Starting with the line below that holds "メタルネックレス パールチェーン付き 42cm ロジウム(1連)" and stopping after the line that holds "Step 2: Initial", transcribe the lines exactly, leaving out all pictures.

*** Records Section Begins ***

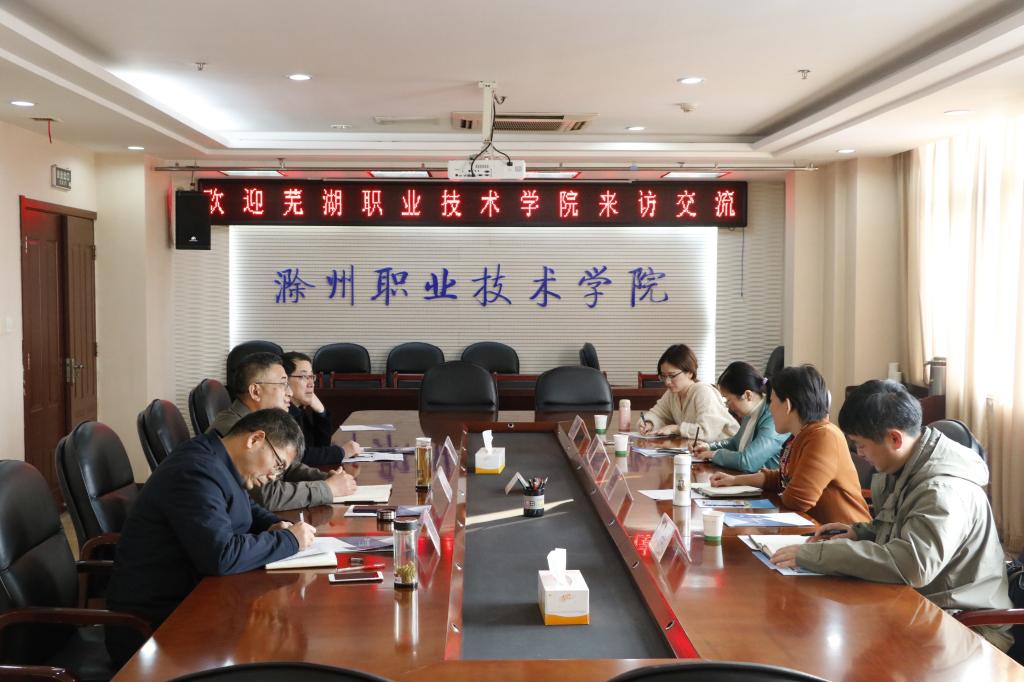 11月16日,副校长刘育红率校企合作办公室赴滁州职业技术学院考察交流,学习安徽滁州职业教育集团先进经验。滁州职业技术学院党委委员、校长助理、滁州职教集团秘书长穆松,滁州市教体局职成科负责人、滁州职教集团职业院校合作委员会副主任蒋新华,滁州职教集团副秘书长、招生就业处副处长周多道热情接待。芜湖市教育局职成科科长戚梅陪同考察。
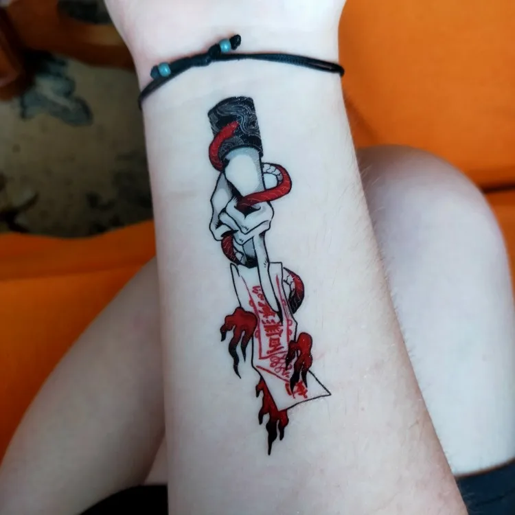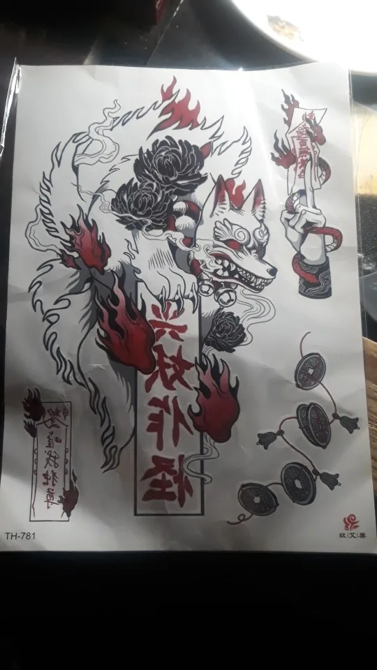 Pegatina de tatuaje temporal a prueba de agua para hombre y mujer, tatuaje Flash de zorro de Escuela antigua, Ojos de gato, Calavera, arte corporal, Tatuaje falso de brazo
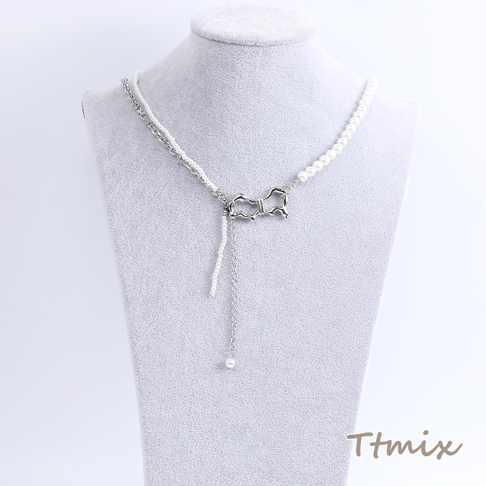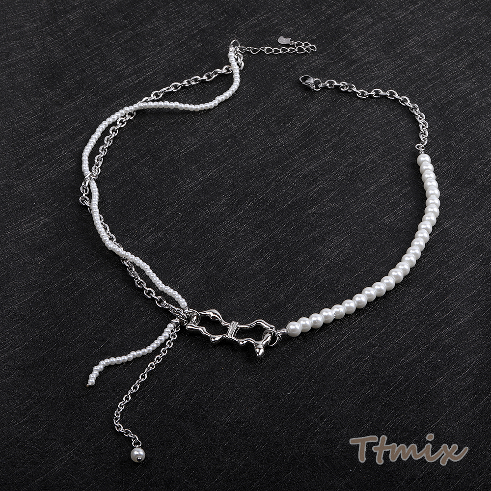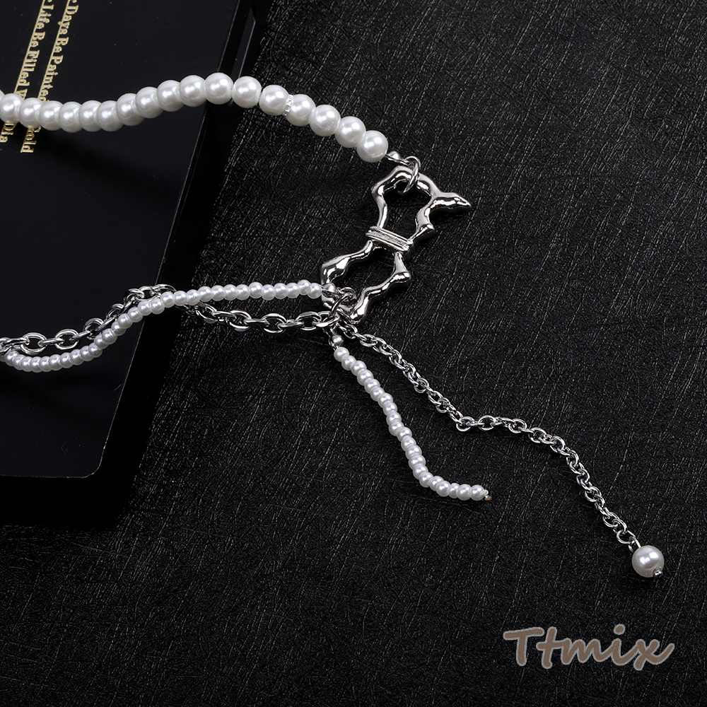 メタルネックレス パールチェーン付き 42cm ロジウム(1連)
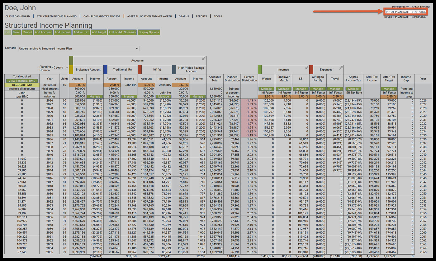 Step 2: Initial Plan Date: This date represents the first day of the structured income plan. To learn more about inital plan date see article: Editing the Initial Plan Date
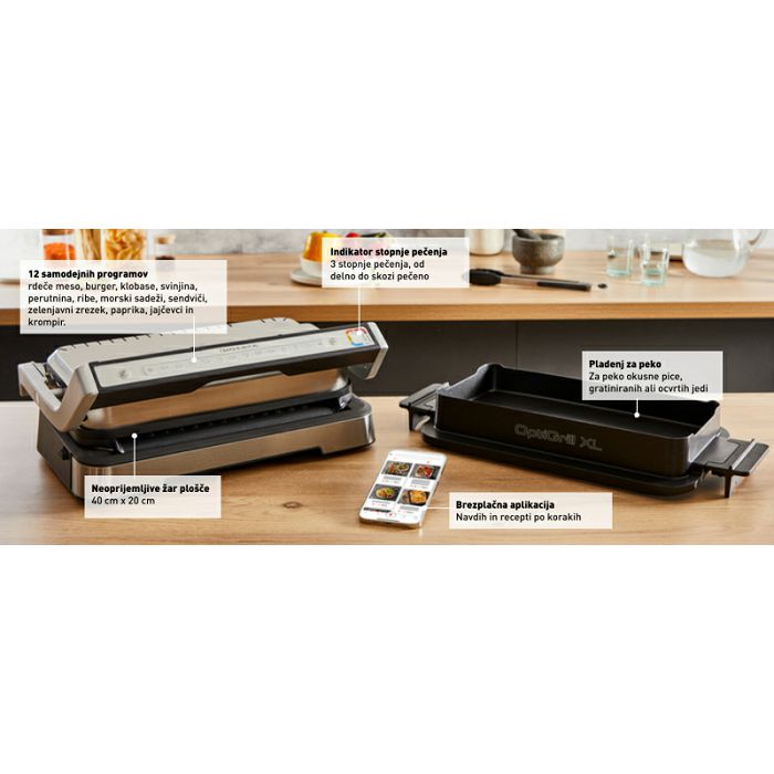 OptiGrill 4u1 XL nudi savršene rezultate roštiljanja po vašem ukusu, s XL performansama. Kombinira pametni stolni roštilj, vanjski roštilj, pećnicu i kompletan uređaj za kuhanje u jednom uređaju za vaše svakodnevne obroke - od sočnog mesa do pečenog povrća i više.

*** Records Section Ends ***

◆ Answer to this problem:
 メタルネックレス パールチェーン付き 42cm ロジウム(1連)
 Step 2: Initial Plan Date: This date represents the first day of the structured income plan. To learn more about inital plan date see article: Editing the Initial Plan Date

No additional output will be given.